Redis is mostly single-threaded, but some thread operations, such as UNLINK, performing slow I/O access, are performed on background threads.

But now, reading and writing to Redis client sockets can be handled in different I/O threads. Due to extremely slow write speeds, Redis users often use pipelining pipelining to speed up Redis performance per kernel and generate multiple instances to scale. Using I/O threads can easily double the Redis write speed.

IO threads are disabled by default. You are advised to enable them on machines with at least four cores and reserve at least one spare kernel. That said, if you have a 4-core CPU, try using 2 or 3 IO threads.

io-threads 4
Copy the code

Setting iO-Threads to 1 will only enable single-threading as is traditional.

Using more than 8 threads doesn’t help much, and it is recommended to use IO threads only when there is a real performance problem, otherwise there is no need to use them.

With the IO thread enabled, we only use the IO thread for write operations, threading the write(2) system call and transferring the client buffer to the socket. However, reading threads and protocol resolution can also be enabled using the following configuration instructions:

io-threads-do-reads yes

In general, thread reads are not very helpful.

Redis uses a Worker thread pool (Reactor + IO) that is similar to the single-thread version, but not the same as the single-thread Reactor + Worker thread pool that I mentioned earlier.

I/O read events are delivered to the I/O thread pool in a Reactor thread (Reactor thread) for reading in batches. After reading, all requests are executed in a unified manner, and then all responses are written to the socket at once, as shown in the following figure:

The waiting time in the queue is evenly allocated to each I/O thread. The I/O thread pool is only responsible for I/O data reading and parsing. The I/O thread pool makes full use of the CPU’s multi-core processing capability and improves THE I/O read and write speed. In order to avoid the problem of thread concurrency, Redis still executes commands in a single thread order, and only uses multithreading in network data reading and writing and protocol parsing.

Is Redis 6.0 really single-threaded?

It can be found that Redis is not simply the introduction of multithreading mechanism, but based on the premise of avoiding the introduction of concurrent operation complexity, reasonable improvement design implementation, so as to protect hair, avoid hair falling off too fast, programmers need to focus on this…

If you are really challenged about whether Redis is single-threaded, remember that even with Redis 6.0, the process of executing commands is still single-threaded.

6, Tomcat

How can a Java programmer not know Tomcat, and what is Tomcat’s threading model? Without looking further, we could have guessed that Tomcat would use the Reactor model to optimize network processing, but the optimization process evolved slowly following the evolution of technology.

6.1 Overall Framework of Tomcat13

Tomcat is an HTTP server and a Servlet container that executes Java servlets and converts JavaServer Pages (JSP) and JavaServerFaces (JSF) into Java Servlets.

Let’s start by looking at the overall architecture of the various components of Tomcat. Tomcat uses a layered and modular architecture, like a nesting doll, as shown below, which is also the hierarchical structure of the Tomcat server.xml configuration file:

Server is a top-level component that represents an instance of Tomcat, as shown in a configuration file:

<Server port="8005" shutdown="SHUTDOWN">.</Server>
Copy the code

A Server can contain multiple services, each with its own Container and Connector.

Note that port is the TCP/IP port number for which the server is waiting for the shutdown command. Set this parameter to -1 to disable disabling ports.

Connector and Container are the two main components of a Service.

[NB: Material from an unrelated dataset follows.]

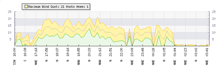 In the last few minutes the wind was North North East at an average speed of 0 knots, reaching up to 0 knots and a low of 0 knots. The gust strength is0 knots above the minimum speed |
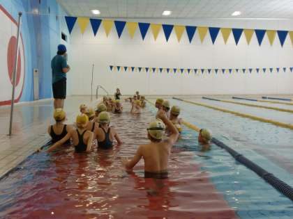 水深が深く、危険防止のため、スポーツ振興財団の協力も得て、ウォーキング用の台を設置してもらいました。

The entire Tomcat life cycle is controlled by the Server.

6.1.1, Container

Container manages servlets and processes Request requests sent by connectors.

As you can see, the inside of the Container seems to have hidden secrets. Yes, I’ve hidden the inside of the interface Container. Inside the Container, we can see the structure like this:

  • The top layer of a Container is an Engine. A Service can have only one Engine to manage multiple sites.
  • Host indicates a site. An Engine can have multiple hosts.
  • Context represents one application, one Host can have multiple applications;
  • The Wrapper encapsulates servlets. Every application has many servlets, and this one is the most familiar.

6.1.2, Connector,

Connector is used to process requests, process Socket sockets, wrap raw network data into a Request object for Container processing, and encapsulate a Response object for Socket output.

As shown in the figure above, a Service can have multiple connectors, each implementing a different connection protocol and providing services through different ports.

Connector is a key module for network processing. The efficiency of this module directly determines the performance of Tomcat.

Next, let’s open up the Connector’s Pandora’s box and find out what’s hidden inside.

Without further ado, I’m going to go straight to the above image. There are not many blogs that are so readily attached with images, but the Java architecture chatter from IT folks (itzhai.com) is one of them. To get the most out of IT, here are the component diagrams of the traditional BIO running model:

As shown above, a Connector consists of three main components:

  • ProtocolHandlerThe Connector uses a ProtocolHandler to receive a request and parse it according to the protocol. Different protocols have different ProtocolHandler implementations:
    • Http11Protocol: Blocking IO implementation of HTTP/1.1 protocol processor, using traditional IO operations, each request will create a thread;
    • Http11NioProtocol: Synchronizes the HTTP/1.1 protocol processor implemented by non-blocking IO. Tomcat 8 uses this mode by default.
    • Http11Nio2Protocol: Asynchronous IO implementation of HTTP/1.1 protocol processor, Tomcat 8 began to support;
    • Http11AprProtocol: Apr (Apache Portable Runtime/Apache Portable Runtime), is a highly Portable library that is at the heart of Apache HTTP Server 2.x. APR has many uses, including access to advanced IO functions (such as SendFile, ePoll, and OpenSSL), operating system-level functions (generating random numbers, system state, etc.), and native process processing (shared memory, NT pipes, and Unix sockets).
  • AdapterThe Adapter finally hands the Request object to the Container process for specific processing.
  • Mapper: With Mapper, you can find the corresponding servlet by requesting the address;

The main components of ProtocolHandler are:

  • EndPoint: Directly responsible for docking Socket Socket API, processing Socket connection, reading and writing data to Socket, that is, responsible for processing TCP layer related work;
  • Processor: Encapsulates TCP data based on protocols. For example, if HTTP is used, THE I/O data corresponding to the Request received by the EndPoint is encapsulated as a Request object based on HTTP specifications.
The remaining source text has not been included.